Activity = Set down, exactly as written, the lines from the line holding "404825 505 1986 FOUR DOOR SEDAN VANCOUVER BC" to the end of the data, inclusive, skipping any pictures.

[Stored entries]

------------------------

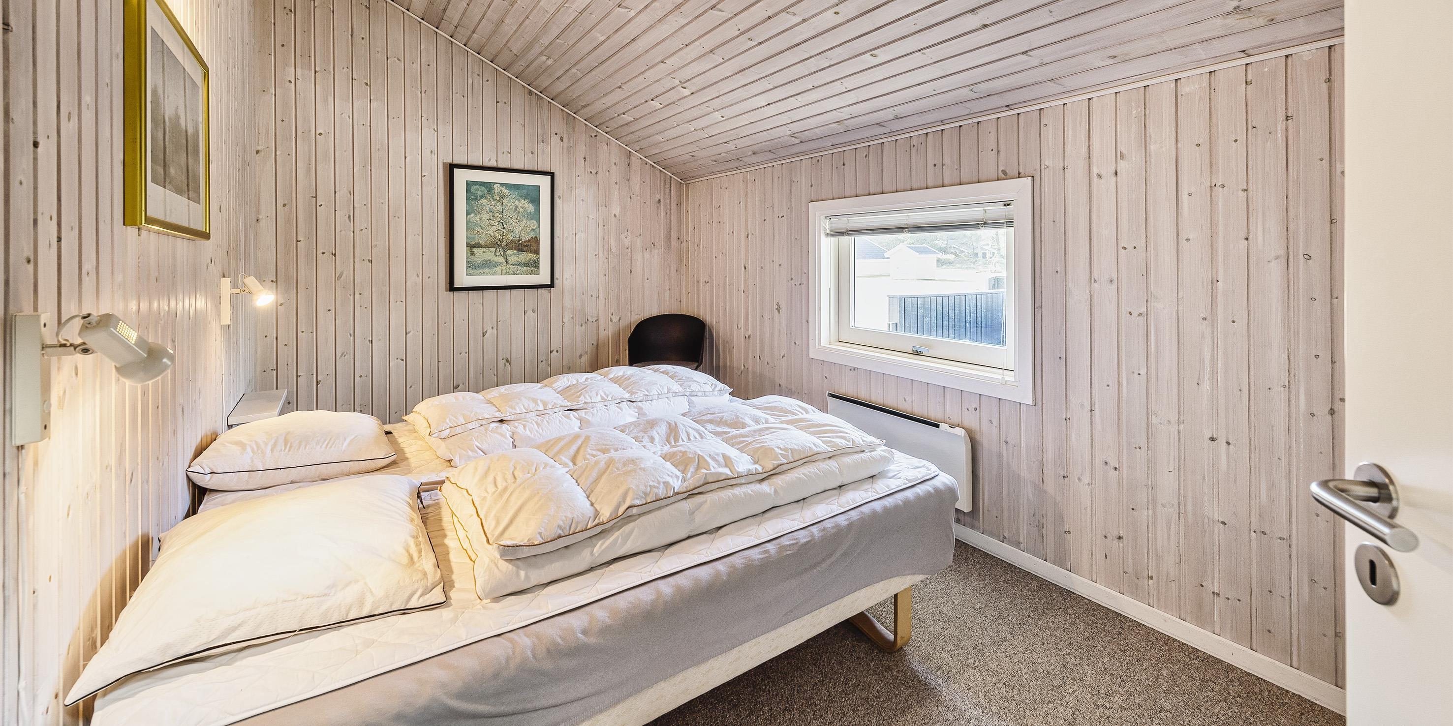 3 soveværelser. 2 med dobbeltseng 180x200 cm. 1 med 2 enkeltsenge (á 90x200 cm)
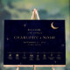 Das Design zeichnet sich durch eine schlichte und elegante Goldfolie und Sterne aus, die sanft glänzen und Set vor Mitternachtsuntergrund bieten. Die Einladung benutzt klassische Serifentypografie, die eine traditionelle und formale Touch mit ihrem gepflegten und klaren Stil hinzufügt.
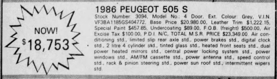 404825 505 1986 FOUR DOOR SEDAN VANCOUVER BC
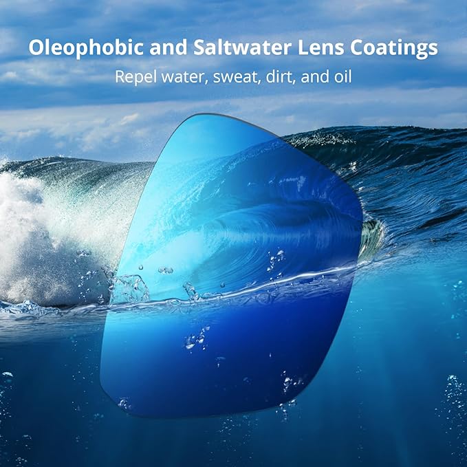 - KEY FEATURES – Oleophobic lens coating repels saltwater, oil, and chemicals - Polarized lenses reduce glare - Impact resistant TAC lenses protect your eyes from flying objects - Block 100% of the harmful UVA and UVB rays - Super Lightweight, durable, and flexible Grilamid frames
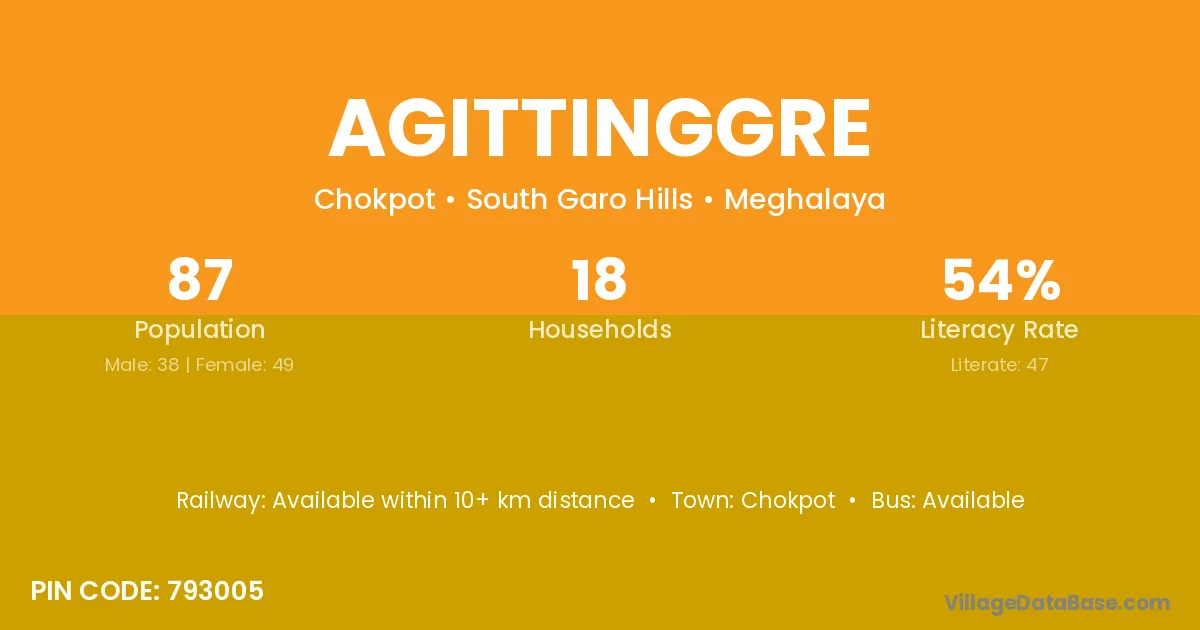 Agittinggre village has a total population of 87 people, of which 38 are males and 49 are females.
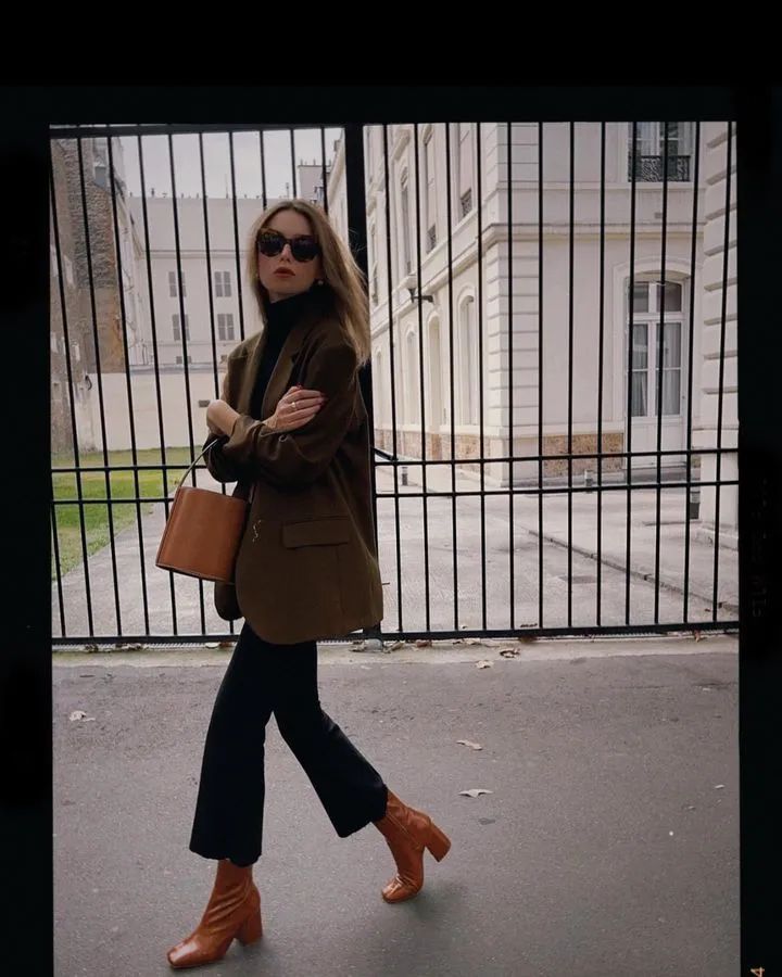 兼具风度与温度相较于前两年流行露脚踝的九分裤穿搭,今年秋冬更适合穿九分裤+短靴这对cp,没有露肤反而增加穿搭的层次,完美兼顾风度与温度。

------------------------

Solution below =
 404825 505 1986 FOUR DOOR SEDAN VANCOUVER BC
 - KEY FEATURES – Oleophobic lens coating repels saltwater, oil, and chemicals - Polarized lenses reduce glare - Impact resistant TAC lenses protect your eyes from flying objects - Block 100% of the harmful UVA and UVB rays - Super Lightweight, durable, and flexible Grilamid frames
 Agittinggre village has a total population of 87 people, of which 38 are males and 49 are females.
 兼具风度与温度相较于前两年流行露脚踝的九分裤穿搭,今年秋冬更适合穿九分裤+短靴这对cp,没有露肤反而增加穿搭的层次,完美兼顾风度与温度。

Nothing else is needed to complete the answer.